Visualisierung von Thalamocortical Axon Verzweigung und Synapse Bildung in organotypischen Kokulturen
概要
Dieses Protokoll beschreibt eine Methode für die gleichzeitige Darstellung von Thalamocortical Axon Verzweigung und Synapse Bildung in organotypischen Kokulturen des Thalamus und Großhirnrinde. Individuelle Thalamocortical Axone und ihre präsynaptischen Terminals werden durch eine einzelne Zelle Elektroporation Technik mit DsRed und GFP-Tags Synaptophysin visualisiert.
Abstract
Axon verzweigen und Synapse Bildung sind entscheidende Prozesse für die Festlegung der genauen neuronale Schaltkreise. Während der Entwicklung bilden sensorische Thalamocortical (TC) Axone Zweige und Synapsen in bestimmten Schichten der Großhirnrinde. Trotz der offensichtlichen räumliche Korrelation zwischen Axon verzweigen und Synapse Bildung ist die kausale Beziehung zwischen ihnen kaum verstanden. Um dieses Problem zu beheben, haben wir vor kurzem eine Methode für die gleichzeitige Darstellung von Verzweigungen und Synapse Bildung von individuellen TC Axone in organotypischen Kokulturen entwickelt.

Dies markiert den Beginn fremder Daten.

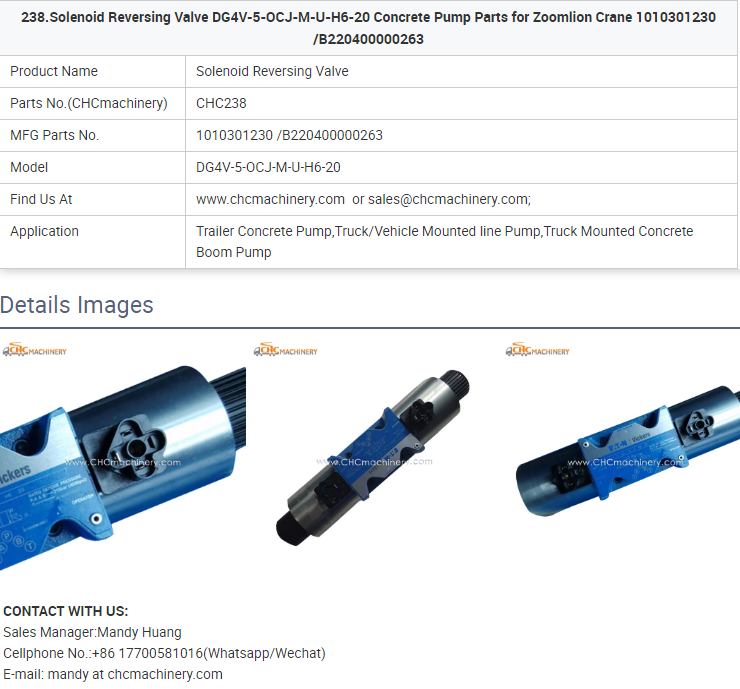 - 238.Solenoid Reversing Valve DG4V-5-OCJ-M-U-H6-20 Concrete Pump Parts for Zoomlion Crane 1010301230 /B220400000263
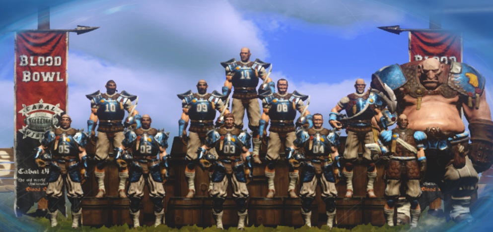 | Есть подозрение что левые во втором ряду и верхний - это труверы. У них наплечников на правой руке нет, что было бы адекватно для игроков пасующих мяч. А вот 6, 5, 7 и 8 скорее всего лайнмены тогда, а 01 и 02 - блитцеры. Ибо насколько помню если брать огра то на 2х кэтчеров + 2 трувера + 4 блитцера денег не хватает (ну или хватает с диким минимумом реролов). Видимо все между игроками в команде людей в наплечниках и шлемах
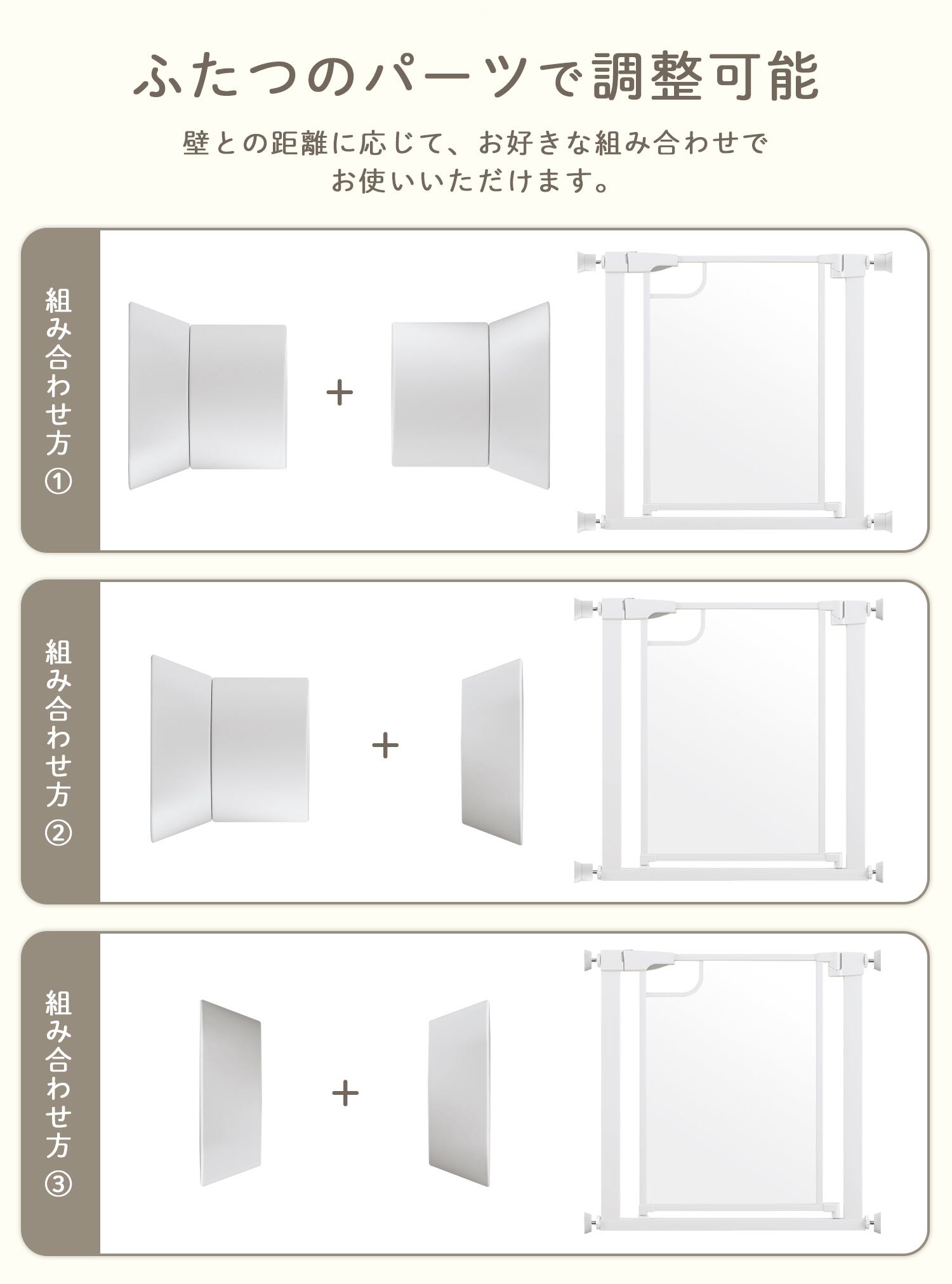 ベビーゲートやペット用ゲートを取り付ける際に、壁を傷つけずに取り付けることができます。4箇所を固定するゲートに取り付けられる4個セット。ホワイト、ブラックの2色展開でお使いのベビーゲートに合わせてお選びいただけます。
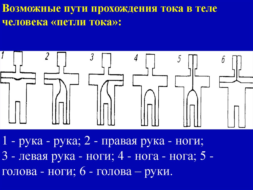 • Пути тока через тело человека;
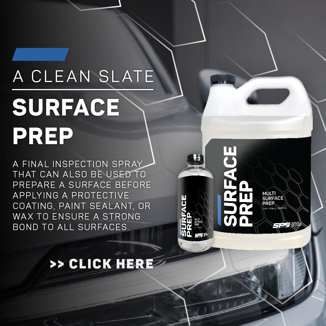 The SPS Surface Prep is designed to clean vehicle surfaces and effectively remove polishing residue, oils, fingerprints, dust, and other contaminants. It can function as a final inspection spray or to prepare a vehicle's surface for protective coatings, paint sealants, or waxes and ensure optimum application.
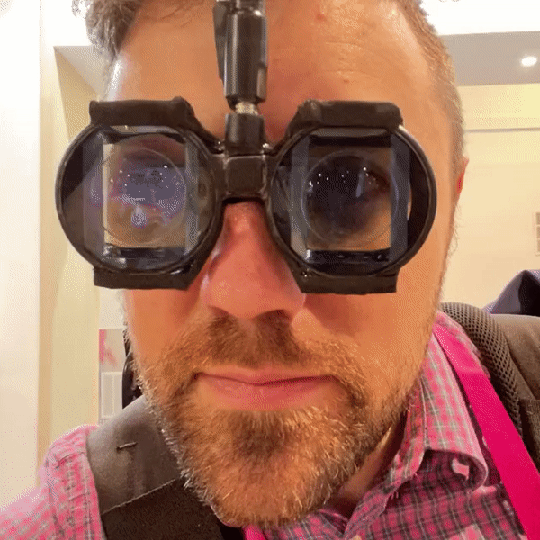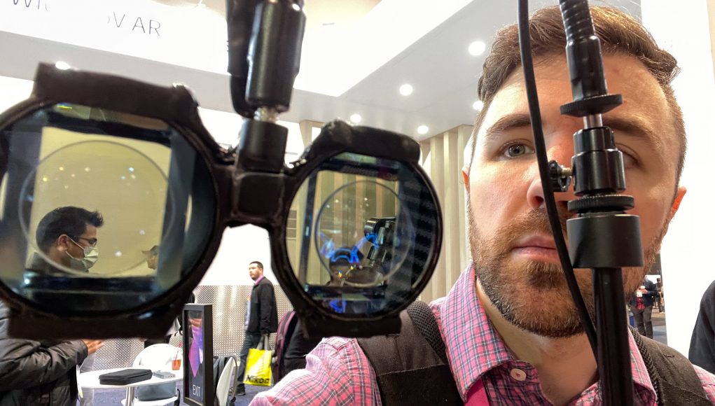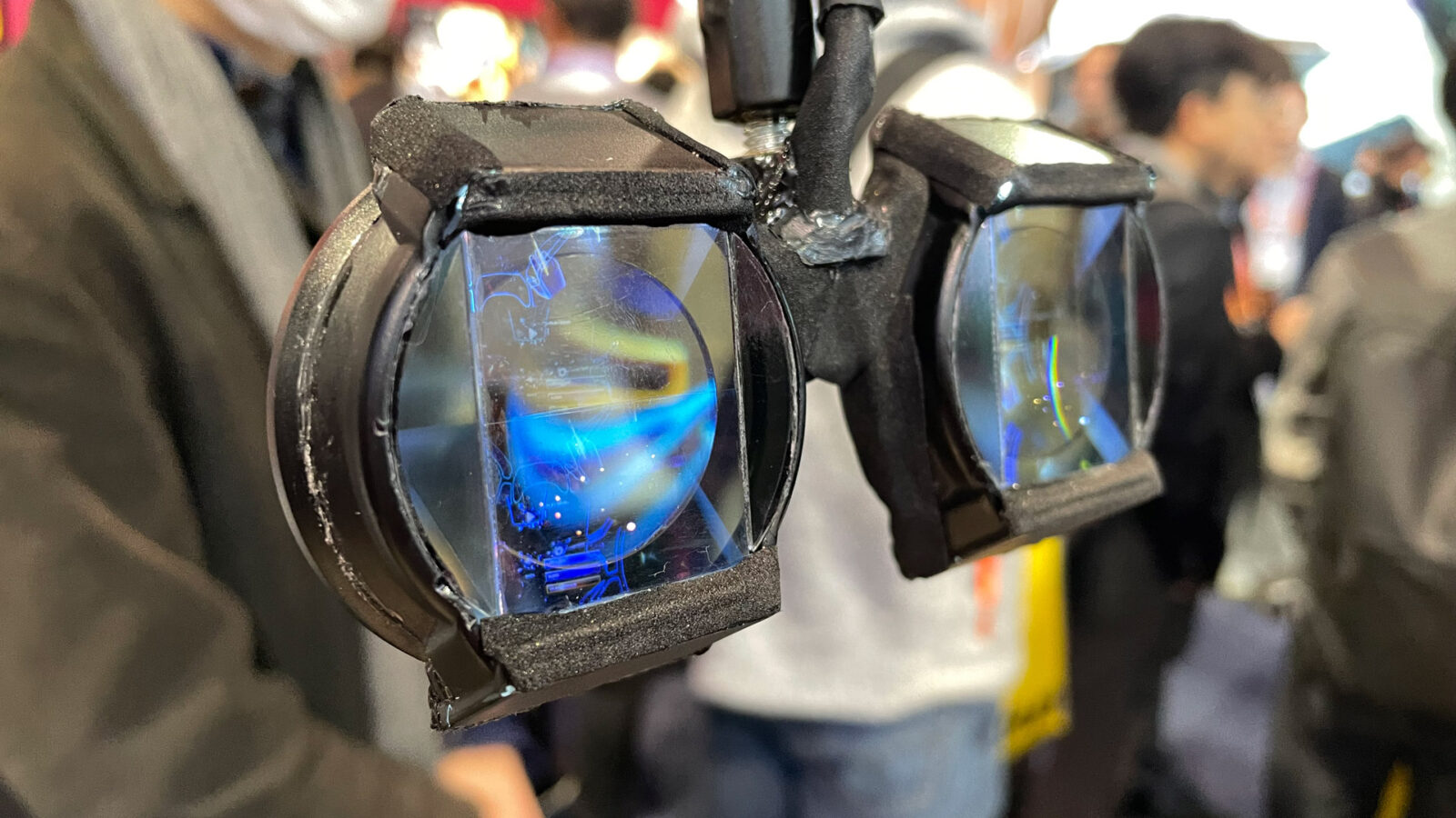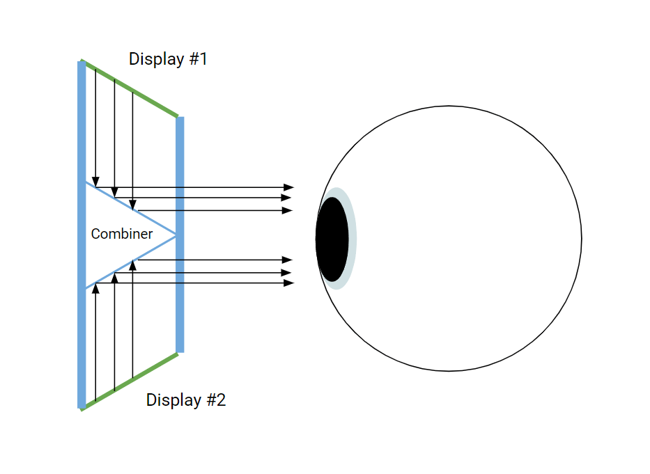 Один дисплей (или одна половина) находится над глазом, а второй — под ним. Изображения с них сливаются в одно. Эта схема позволила значительно сократить размеры оптики без критичной потери поля зрения. Обратной стороной разработки может стать сложность и дороговизна производства. Судить об этом лучше по ценам, которые разработчик публично не назвал.

Dieses Protokoll beschreibt eine Methode besteht aus einer Kombination von organotypischen Coculture und Elektroporation. Organotypischen Kokulturen des Thalamus und Großhirnrinde erleichtern, Genmanipulation und Beobachtung der axonalen Prozesse, Erhaltung der charakteristischen Strukturen wie laminar Konfiguration. Zwei unterschiedliche Plasmide Codierung DsRed und Verschlagwortet mit EGFP Synaptophysin (SYP-EGFP) wurden Co transfizierten in eine kleine Anzahl von Thalamische Neurone durch Elektroporation-Technik. Diese Methode erlaubt uns, individuelle axonalen Morphologien von TC Neuronen und ihren präsynaptischen Websites gleichzeitig visualisieren. Die Methode aktiviert auch Langzeit-Beobachtung, der den ursächlichen Zusammenhang zwischen Axon verzweigen und Synapse Bildung offenbart.
Introduction
Die Thalamocortical (TC) Projektion in das Gehirn von Säugetieren ist ein geeignetes System, Axon Guidance und targeting Mechanismen zu untersuchen. Während der Entwicklung wachsen sensorische TC Axone in die kortikale Platte und Form Zweige und Synapsen bevorzugt in Schicht IV der primären sensorischen Bereiche in der Großhirnrinde1,2. Auch nach Gründung der grundlegenden Verbindungen sind abhängig von Veränderungen der Umwelt3,4axonalen Lauben und synaptischen Terminals umgebaut. Jedoch wie TC Axon Morphologie dynamisch geändert ist schlecht verstanden. Einer der Hauptgründe ist das Fehlen einer angemessenen Technik, strukturelle Veränderungen auf eine einzelne Zellenebene zu beobachten. Obwohl jüngste Entwicklungen in der Mikroskopie, wie zwei-Photonen-Mikroskopie, direkten Beobachtung von lebenden kortikale Neuronen in Vivoerlaubt haben, gibt es noch technische Einschränkungen für die Erfassung der gesamten TC Trajektorien5, 6. daher, in-vitro- Methoden für live Aufnahmen von TC Axone böte leistungsstarke Tools für Strukturanalysen der Axon verzweigen und Synapse Formation.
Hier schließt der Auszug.